When the particle size of the bacterial suspension to enter the aerosol chamber 2 is smaller, the bacterial suspension conveying device 1 is installed in a mode shown in fig. 1 and 2, one end of the high-pressure air pipe 6 is the bottommost part of the container 5, the first through hole 9 is communicated with the third through hole 11 through the connecting hose 18, the second through hole 10 is blocked after a certain amount of bacterial suspension is injected into the container 5, the liquid level of the bacterial suspension is lower than the height of the high-pressure air pipe 6 extending into the container 5, and the bacterial suspension is prevented from entering the high-pressure air pipe 6 when high-pressure air is not introduced. After the installation, high-pressure gas is introduced into the high-pressure gas pipe 6, the high-pressure gas is blown out from the bottom to the top in the direction shown in fig. 2, the high-speed flowing gas enables the end part of a bacterial suspension suction pipe 12 between the high-pressure gas pipe 6 and the round ball 8 to form negative pressure, bacterial suspension in the container 5 can enter the space between the high-pressure gas pipe 6 and the round ball 8 through the first through hole 9, the third through hole 11 and the bacterial suspension suction pipe 12 in sequence, and then rises under the driving of the high-pressure gas, most of the bacterial suspension can bypass the round ball 8 in a divergent shape to rise in the rising process due to the obstruction of the round ball 8, wherein the bacterial suspension with larger particle size can fall back to the bacterial suspension at the bottom of the container 5 under the action of gravity due to larger dead weight, the bacterial suspension with smaller particle size can enter the bacterial suspension conveying pipe 7 under the driving of the high-pressure gas, and the particle size of the bacterial suspension introduced into the aerosol chamber 2 is further ensured to be smaller. After the experiment is finished, the bacteria suspension conveying device 1 can be integrally disassembled to be weighed, so that the total amount of the bacteria suspension entering the aerosol chamber 2 can be calculated according to the difference between the front and the back of the experiment, the whole process is convenient to implement, and the data measurement is more accurate.
When the particle size of the bacterial suspension to enter the aerosol chamber 2 is large, the installation mode of the bacterial suspension conveying device 1 is as shown in fig. 3, one end of the bacterial suspension conveying pipe 7 is the bottommost part of the container 5, the second through hole 10 is communicated with the third through hole 11 through the connecting hose 18, the first through hole 9 is blocked after a certain amount of bacterial suspension is injected into the container 5, the liquid level of the bacterial suspension is lower than the height of the bacterial suspension conveying pipe 7 extending into the container 5, and the bacterial suspension is prevented from directly entering the aerosol chamber 2 when high-pressure gas is not introduced. After the installation, high-pressure gas is introduced into the high-pressure gas pipe 6, the high-pressure gas is blown out from top to bottom in the direction shown in fig. 3, the high-speed flowing gas enables the end part of the bacterial suspension suction pipe 12 between the high-pressure gas pipe 6 and the round ball 8 to form negative pressure, the bacterial suspension in the container 5 sequentially enters the space between the high-pressure gas pipe 6 and the round ball 8 through the second through hole 10, the third through hole 11 and the bacterial suspension suction pipe 12, and then falls into the bacterial suspension conveying pipe 7 under the drive of self weight and the high-pressure gas, and compared with the installation mode shown in fig. 2, the particle size of the bacterial suspension introduced into the aerosol chamber 2 is larger in the installation mode.
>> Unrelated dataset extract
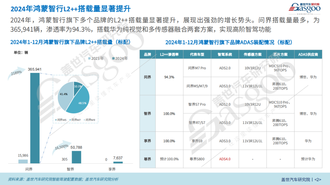 具体来看,2024年,鸿蒙智行旗下多个品牌在L2++级自动驾驶领域表现亮眼。问界的搭载量为365,941辆,渗透率达94.3%。智界品牌于2023年11月发布,L2++系统搭载率达到100%。享界品牌于2024年8月发布,L2++系统搭载率同样达到100%,展现出后发优势。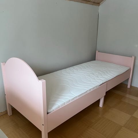 Sängyn mitat 100cm × 45cm. Patjan mitat noin. 90 cm × 40 cm.

Further, in order to make the particle size of the bacterial suspension entering the aerosol chamber 2 smaller in the installation mode shown in fig. 2, the bacterial suspension delivery pipe 7 comprises a straight pipe 71 and an elbow 72, the straight pipe 71 extends into the container 5, the elbow 72 is communicated with the aerosol chamber 2, a convex edge 73 is further arranged inside the elbow 72 connected with the straight pipe 71, the elbow 72 can reduce the flow speed in the bacterial suspension delivery pipe 7, so that part of the bacterial suspension with larger particle size is attached to the pipe wall of the elbow 72, and after accumulation, the bacterial suspension with smaller particle size falls down along with self weight, the convex edge 73 can intercept the part with larger peripheral particle size in the rising bacterial suspension, and the bacterial suspension with smaller particle size is introduced into the aerosol chamber 2.
In the installation mode shown in fig. 3, the inside of the bacterial suspension conveying pipe 7 is also provided with the convex edge 73, and the annular anti-backflow groove 74 is formed between the outer periphery of the upper side of the convex edge 73 and the pipe wall, because the bacterial suspension in the installation mode shown in fig. 3 enters the bacterial suspension conveying pipe 7 under the double action of the blowing of high-pressure gas and gravity, the bacterial suspension with overlarge particle size can also directly enter the bacterial suspension conveying pipe 7, in order to avoid the situation, the annular anti-backflow groove 74 is formed between the outer periphery of the upper side of the convex edge 73 and the pipe wall, and the bacterial suspension with overlarge particle size can be blocked by the convex edge 73 and collected into the annular anti-backflow groove 74, so that the bacterial suspension meeting the requirement of the particle size enters the aerosol chamber 2. Wherein, each time the bacteria spraying is about 0.05mL, if 20% enters the anti-reflux groove, the bacteria liquid entering the annular anti-reflux groove 74 each time is 0.01mL, because the experiment needs to be finished within 3 hours after the bacteria liquid preparation, the total volume of the annular anti-reflux groove 74 is 0.4mL, the volume is enough to collect the bacteria suspension with overlarge particle size so as not to overflow the bacteria suspension, and the bacteria suspension with overlarge particle size is prevented from entering the aerosol chamber 2.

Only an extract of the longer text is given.